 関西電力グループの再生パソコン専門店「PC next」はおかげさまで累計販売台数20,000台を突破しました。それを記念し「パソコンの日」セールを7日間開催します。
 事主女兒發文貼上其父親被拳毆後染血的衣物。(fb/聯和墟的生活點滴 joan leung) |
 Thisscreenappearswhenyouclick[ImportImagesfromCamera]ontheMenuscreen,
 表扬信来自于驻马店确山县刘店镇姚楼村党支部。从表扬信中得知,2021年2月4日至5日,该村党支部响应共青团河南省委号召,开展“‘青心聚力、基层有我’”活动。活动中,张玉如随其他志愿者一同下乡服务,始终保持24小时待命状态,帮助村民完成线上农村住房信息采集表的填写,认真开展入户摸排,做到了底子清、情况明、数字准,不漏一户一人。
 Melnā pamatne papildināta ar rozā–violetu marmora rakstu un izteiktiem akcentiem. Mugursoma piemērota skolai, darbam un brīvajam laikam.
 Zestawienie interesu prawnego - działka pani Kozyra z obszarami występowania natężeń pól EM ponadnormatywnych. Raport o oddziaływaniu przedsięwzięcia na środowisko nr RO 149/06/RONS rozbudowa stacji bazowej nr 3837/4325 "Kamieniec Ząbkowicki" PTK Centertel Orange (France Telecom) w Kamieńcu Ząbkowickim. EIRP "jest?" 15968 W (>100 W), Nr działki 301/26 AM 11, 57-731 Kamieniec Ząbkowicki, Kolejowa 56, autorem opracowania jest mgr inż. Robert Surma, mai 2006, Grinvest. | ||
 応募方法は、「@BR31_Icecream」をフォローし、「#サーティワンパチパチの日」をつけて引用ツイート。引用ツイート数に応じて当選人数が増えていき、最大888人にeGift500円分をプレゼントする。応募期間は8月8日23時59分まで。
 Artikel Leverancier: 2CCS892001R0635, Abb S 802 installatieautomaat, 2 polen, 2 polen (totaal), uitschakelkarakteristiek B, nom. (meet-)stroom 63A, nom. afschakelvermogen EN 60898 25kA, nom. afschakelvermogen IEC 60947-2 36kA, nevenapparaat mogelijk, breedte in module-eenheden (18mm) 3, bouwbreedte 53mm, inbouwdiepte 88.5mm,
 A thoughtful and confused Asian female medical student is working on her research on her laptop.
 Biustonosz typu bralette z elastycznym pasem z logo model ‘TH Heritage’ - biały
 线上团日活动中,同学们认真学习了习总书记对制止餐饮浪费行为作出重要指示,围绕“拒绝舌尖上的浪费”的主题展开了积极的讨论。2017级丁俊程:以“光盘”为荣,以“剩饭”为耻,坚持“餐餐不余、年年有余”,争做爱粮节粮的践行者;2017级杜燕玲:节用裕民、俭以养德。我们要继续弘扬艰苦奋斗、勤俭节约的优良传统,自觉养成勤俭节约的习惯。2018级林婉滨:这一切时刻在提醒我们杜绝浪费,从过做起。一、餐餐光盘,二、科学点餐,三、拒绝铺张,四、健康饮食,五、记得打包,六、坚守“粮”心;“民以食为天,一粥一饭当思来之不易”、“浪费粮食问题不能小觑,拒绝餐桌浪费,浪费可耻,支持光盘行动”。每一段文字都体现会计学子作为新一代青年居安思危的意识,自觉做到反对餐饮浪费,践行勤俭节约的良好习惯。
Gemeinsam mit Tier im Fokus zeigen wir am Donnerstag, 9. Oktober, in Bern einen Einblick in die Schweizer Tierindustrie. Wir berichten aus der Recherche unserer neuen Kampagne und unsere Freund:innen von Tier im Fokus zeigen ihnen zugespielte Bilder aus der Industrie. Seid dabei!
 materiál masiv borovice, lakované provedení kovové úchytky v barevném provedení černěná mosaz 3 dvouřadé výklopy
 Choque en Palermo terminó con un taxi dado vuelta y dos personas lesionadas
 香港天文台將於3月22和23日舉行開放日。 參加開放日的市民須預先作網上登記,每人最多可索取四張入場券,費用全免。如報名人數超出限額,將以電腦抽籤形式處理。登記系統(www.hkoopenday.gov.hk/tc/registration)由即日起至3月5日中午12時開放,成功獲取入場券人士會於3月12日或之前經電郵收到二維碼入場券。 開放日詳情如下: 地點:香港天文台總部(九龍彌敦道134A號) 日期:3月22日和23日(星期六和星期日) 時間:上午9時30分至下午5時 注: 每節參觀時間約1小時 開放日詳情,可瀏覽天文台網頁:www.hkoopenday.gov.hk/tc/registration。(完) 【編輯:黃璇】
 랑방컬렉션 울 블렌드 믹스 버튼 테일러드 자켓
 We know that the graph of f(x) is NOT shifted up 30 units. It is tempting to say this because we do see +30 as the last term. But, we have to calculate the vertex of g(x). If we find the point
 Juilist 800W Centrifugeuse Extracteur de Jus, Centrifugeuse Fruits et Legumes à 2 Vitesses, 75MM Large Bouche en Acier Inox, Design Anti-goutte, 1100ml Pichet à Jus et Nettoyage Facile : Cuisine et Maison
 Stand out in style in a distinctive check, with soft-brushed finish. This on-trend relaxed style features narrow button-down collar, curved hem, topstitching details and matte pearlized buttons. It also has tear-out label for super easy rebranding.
○ ○ ○
Directions for this task
In your answer, include only the lines above starting at the line that holds "Biustonosz typu bralette" and ending at the line that holds "线上团日活动中,同学们认真学", copied exactly.

Result for this task
 Biustonosz typu bralette z elastycznym pasem z logo model ‘TH Heritage’ - biały
 线上团日活动中,同学们认真学习了习总书记对制止餐饮浪费行为作出重要指示,围绕“拒绝舌尖上的浪费”的主题展开了积极的讨论。2017级丁俊程:以“光盘”为荣,以“剩饭”为耻,坚持“餐餐不余、年年有余”,争做爱粮节粮的践行者;2017级杜燕玲:节用裕民、俭以养德。我们要继续弘扬艰苦奋斗、勤俭节约的优良传统,自觉养成勤俭节约的习惯。2018级林婉滨:这一切时刻在提醒我们杜绝浪费,从过做起。一、餐餐光盘,二、科学点餐,三、拒绝铺张,四、健康饮食,五、记得打包,六、坚守“粮”心;“民以食为天,一粥一饭当思来之不易”、“浪费粮食问题不能小觑,拒绝餐桌浪费,浪费可耻,支持光盘行动”。每一段文字都体现会计学子作为新一代青年居安思危的意识,自觉做到反对餐饮浪费,践行勤俭节约的良好习惯。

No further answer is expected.